[Start of Attachment]
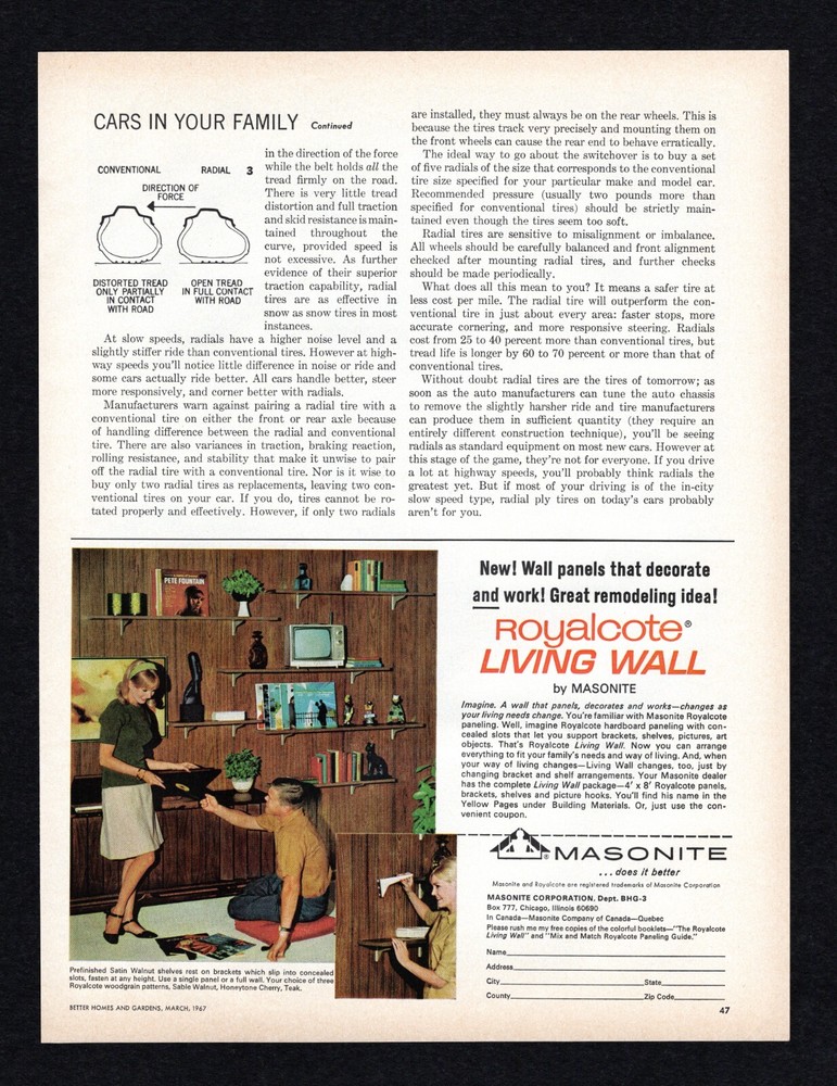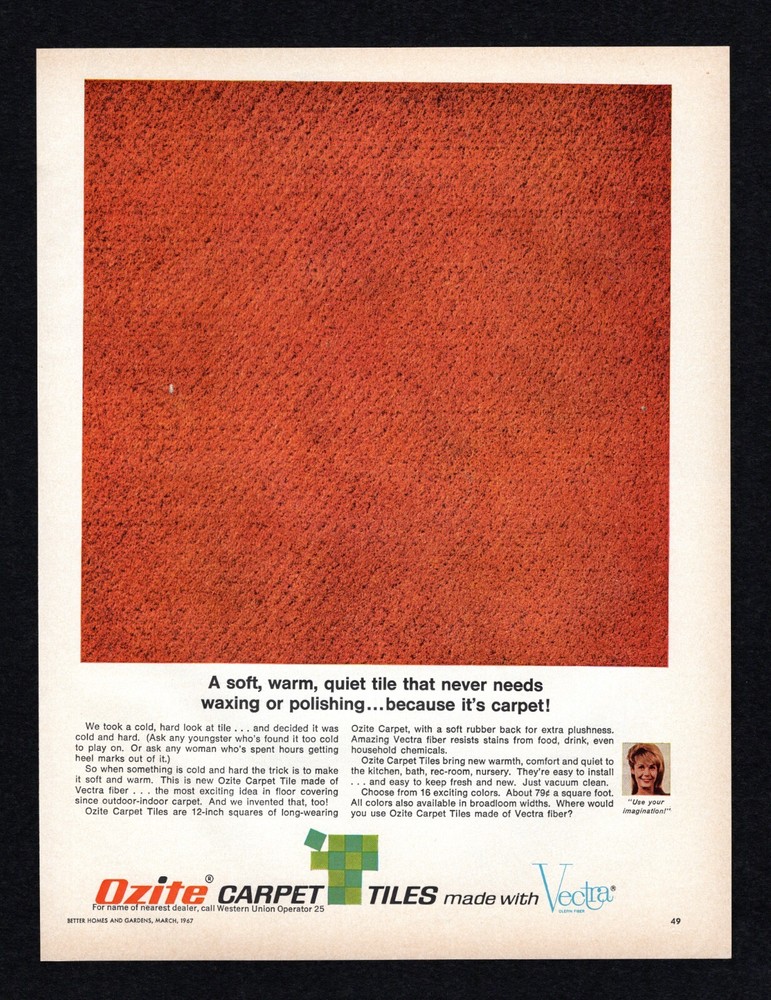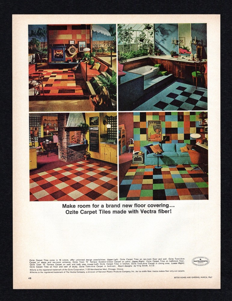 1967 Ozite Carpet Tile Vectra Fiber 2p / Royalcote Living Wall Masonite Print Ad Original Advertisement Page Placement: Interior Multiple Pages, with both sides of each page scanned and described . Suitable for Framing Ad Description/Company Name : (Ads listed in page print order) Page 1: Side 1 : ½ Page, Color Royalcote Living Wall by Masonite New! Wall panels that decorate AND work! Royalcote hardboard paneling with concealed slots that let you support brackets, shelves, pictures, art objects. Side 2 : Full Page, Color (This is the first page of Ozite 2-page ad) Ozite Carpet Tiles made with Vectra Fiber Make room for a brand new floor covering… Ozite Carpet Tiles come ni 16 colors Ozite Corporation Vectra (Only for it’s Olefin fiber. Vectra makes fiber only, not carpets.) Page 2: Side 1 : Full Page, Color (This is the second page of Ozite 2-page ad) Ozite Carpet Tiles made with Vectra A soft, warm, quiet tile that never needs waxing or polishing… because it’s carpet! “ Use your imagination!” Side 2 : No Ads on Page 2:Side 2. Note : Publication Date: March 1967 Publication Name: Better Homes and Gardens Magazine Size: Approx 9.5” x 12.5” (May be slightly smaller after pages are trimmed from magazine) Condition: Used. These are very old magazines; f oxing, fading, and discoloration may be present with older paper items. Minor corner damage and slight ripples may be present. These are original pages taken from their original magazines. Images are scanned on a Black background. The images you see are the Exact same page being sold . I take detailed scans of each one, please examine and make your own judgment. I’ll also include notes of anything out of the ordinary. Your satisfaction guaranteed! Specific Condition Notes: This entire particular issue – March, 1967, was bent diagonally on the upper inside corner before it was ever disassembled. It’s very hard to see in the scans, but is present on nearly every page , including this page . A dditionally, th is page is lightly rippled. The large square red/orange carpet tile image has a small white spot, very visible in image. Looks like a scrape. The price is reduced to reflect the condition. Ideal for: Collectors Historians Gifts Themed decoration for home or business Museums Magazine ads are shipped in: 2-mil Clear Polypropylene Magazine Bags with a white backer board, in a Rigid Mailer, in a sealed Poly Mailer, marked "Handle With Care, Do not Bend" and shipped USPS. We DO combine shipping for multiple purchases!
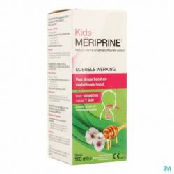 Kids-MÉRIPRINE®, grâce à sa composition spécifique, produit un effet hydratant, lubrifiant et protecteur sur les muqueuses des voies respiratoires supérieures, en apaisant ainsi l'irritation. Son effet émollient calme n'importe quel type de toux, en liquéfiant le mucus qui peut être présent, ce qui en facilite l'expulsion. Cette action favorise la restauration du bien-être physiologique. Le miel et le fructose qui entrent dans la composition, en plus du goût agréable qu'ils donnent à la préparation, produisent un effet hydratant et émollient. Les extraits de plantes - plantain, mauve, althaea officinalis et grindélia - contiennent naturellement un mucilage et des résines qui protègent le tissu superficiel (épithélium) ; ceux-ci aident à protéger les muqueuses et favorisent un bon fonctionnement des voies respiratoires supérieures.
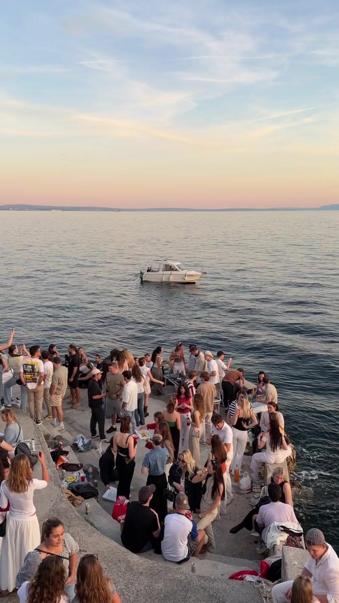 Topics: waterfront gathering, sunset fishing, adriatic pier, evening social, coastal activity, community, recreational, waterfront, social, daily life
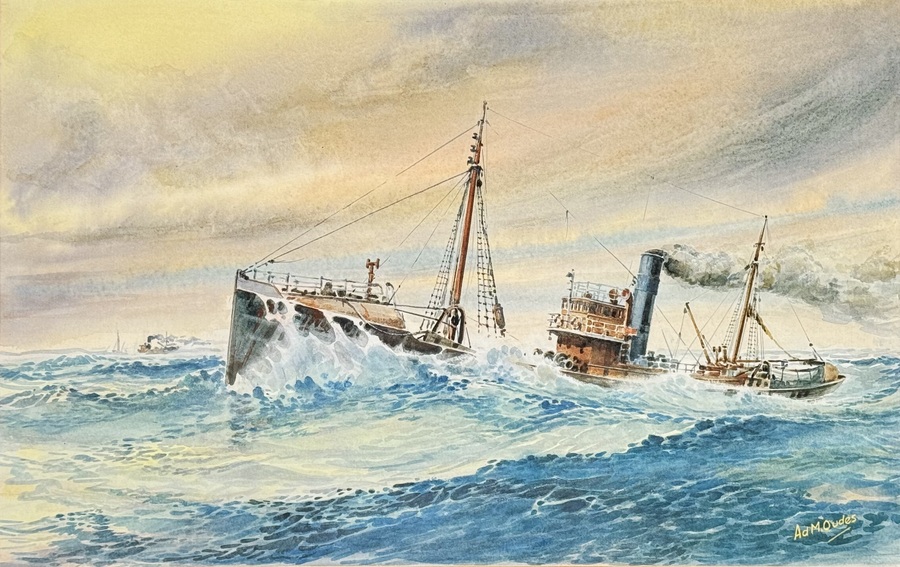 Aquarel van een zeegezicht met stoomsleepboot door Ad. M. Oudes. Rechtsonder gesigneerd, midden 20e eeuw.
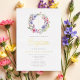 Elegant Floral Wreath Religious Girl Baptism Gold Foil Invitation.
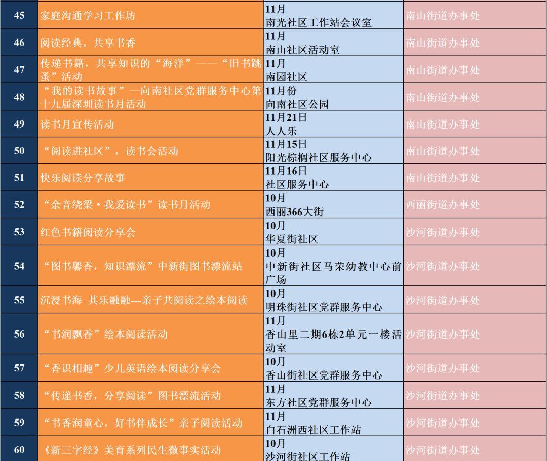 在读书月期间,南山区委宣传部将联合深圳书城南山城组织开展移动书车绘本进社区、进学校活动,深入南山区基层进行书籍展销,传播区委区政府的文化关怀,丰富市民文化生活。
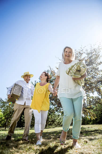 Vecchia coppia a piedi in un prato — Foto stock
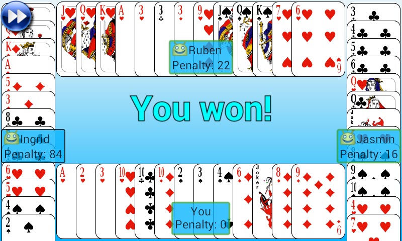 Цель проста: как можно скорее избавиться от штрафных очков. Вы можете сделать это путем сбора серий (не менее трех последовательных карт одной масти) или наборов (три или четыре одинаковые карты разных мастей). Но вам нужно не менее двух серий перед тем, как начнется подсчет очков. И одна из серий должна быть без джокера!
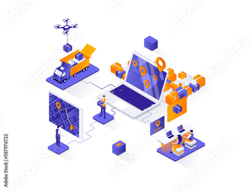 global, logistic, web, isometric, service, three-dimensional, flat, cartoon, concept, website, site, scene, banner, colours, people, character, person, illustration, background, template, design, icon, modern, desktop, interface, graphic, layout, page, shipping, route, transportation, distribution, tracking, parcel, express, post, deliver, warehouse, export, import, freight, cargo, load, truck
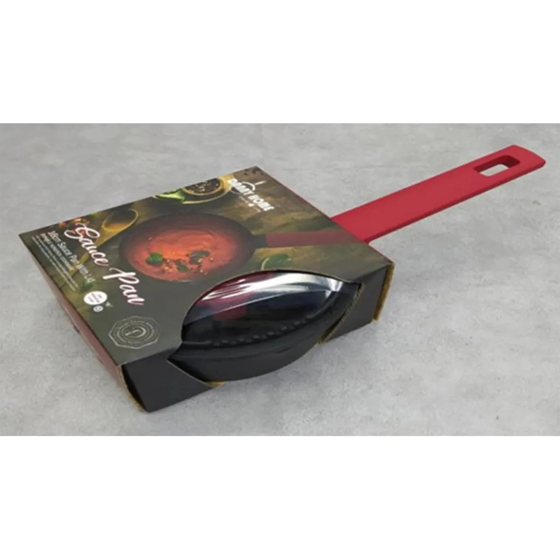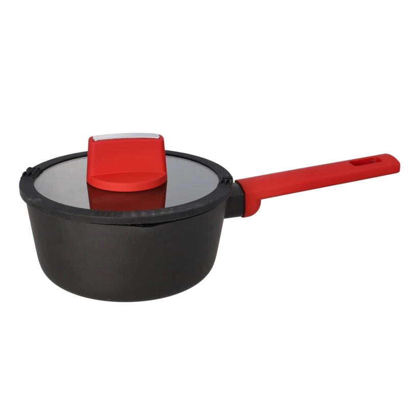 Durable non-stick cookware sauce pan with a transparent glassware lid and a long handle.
[End of Attachment]
> [Exercise instructions]: Each line of the data above is to be output exactly; the pictures are not to appear.

> [Answer section]:
 1967 Ozite Carpet Tile Vectra Fiber 2p / Royalcote Living Wall Masonite Print Ad Original Advertisement Page Placement: Interior Multiple Pages, with both sides of each page scanned and described . Suitable for Framing Ad Description/Company Name : (Ads listed in page print order) Page 1: Side 1 : ½ Page, Color Royalcote Living Wall by Masonite New! Wall panels that decorate AND work! Royalcote hardboard paneling with concealed slots that let you support brackets, shelves, pictures, art objects. Side 2 : Full Page, Color (This is the first page of Ozite 2-page ad) Ozite Carpet Tiles made with Vectra Fiber Make room for a brand new floor covering… Ozite Carpet Tiles come ni 16 colors Ozite Corporation Vectra (Only for it’s Olefin fiber. Vectra makes fiber only, not carpets.) Page 2: Side 1 : Full Page, Color (This is the second page of Ozite 2-page ad) Ozite Carpet Tiles made with Vectra A soft, warm, quiet tile that never needs waxing or polishing… because it’s carpet! “ Use your imagination!” Side 2 : No Ads on Page 2:Side 2. Note : Publication Date: March 1967 Publication Name: Better Homes and Gardens Magazine Size: Approx 9.5” x 12.5” (May be slightly smaller after pages are trimmed from magazine) Condition: Used. These are very old magazines; f oxing, fading, and discoloration may be present with older paper items. Minor corner damage and slight ripples may be present. These are original pages taken from their original magazines. Images are scanned on a Black background. The images you see are the Exact same page being sold . I take detailed scans of each one, please examine and make your own judgment. I’ll also include notes of anything out of the ordinary. Your satisfaction guaranteed! Specific Condition Notes: This entire particular issue – March, 1967, was bent diagonally on the upper inside corner before it was ever disassembled. It’s very hard to see in the scans, but is present on nearly every page , including this page . A dditionally, th is page is lightly rippled. The large square red/orange carpet tile image has a small white spot, very visible in image. Looks like a scrape. The price is reduced to reflect the condition. Ideal for: Collectors Historians Gifts Themed decoration for home or business Museums Magazine ads are shipped in: 2-mil Clear Polypropylene Magazine Bags with a white backer board, in a Rigid Mailer, in a sealed Poly Mailer, marked "Handle With Care, Do not Bend" and shipped USPS. We DO combine shipping for multiple purchases!
 Kids-MÉRIPRINE®, grâce à sa composition spécifique, produit un effet hydratant, lubrifiant et protecteur sur les muqueuses des voies respiratoires supérieures, en apaisant ainsi l'irritation. Son effet émollient calme n'importe quel type de toux, en liquéfiant le mucus qui peut être présent, ce qui en facilite l'expulsion. Cette action favorise la restauration du bien-être physiologique. Le miel et le fructose qui entrent dans la composition, en plus du goût agréable qu'ils donnent à la préparation, produisent un effet hydratant et émollient. Les extraits de plantes - plantain, mauve, althaea officinalis et grindélia - contiennent naturellement un mucilage et des résines qui protègent le tissu superficiel (épithélium) ; ceux-ci aident à protéger les muqueuses et favorisent un bon fonctionnement des voies respiratoires supérieures.
 Topics: waterfront gathering, sunset fishing, adriatic pier, evening social, coastal activity, community, recreational, waterfront, social, daily life
 Aquarel van een zeegezicht met stoomsleepboot door Ad. M. Oudes. Rechtsonder gesigneerd, midden 20e eeuw.
 Elegant Floral Wreath Religious Girl Baptism Gold Foil Invitation.
 在读书月期间,南山区委宣传部将联合深圳书城南山城组织开展移动书车绘本进社区、进学校活动,深入南山区基层进行书籍展销,传播区委区政府的文化关怀,丰富市民文化生活。
 Vecchia coppia a piedi in un prato — Foto stock
 Цель проста: как можно скорее избавиться от штрафных очков. Вы можете сделать это путем сбора серий (не менее трех последовательных карт одной масти) или наборов (три или четыре одинаковые карты разных мастей). Но вам нужно не менее двух серий перед тем, как начнется подсчет очков. И одна из серий должна быть без джокера!
 global, logistic, web, isometric, service, three-dimensional, flat, cartoon, concept, website, site, scene, banner, colours, people, character, person, illustration, background, template, design, icon, modern, desktop, interface, graphic, layout, page, shipping, route, transportation, distribution, tracking, parcel, express, post, deliver, warehouse, export, import, freight, cargo, load, truck
 Durable non-stick cookware sauce pan with a transparent glassware lid and a long handle.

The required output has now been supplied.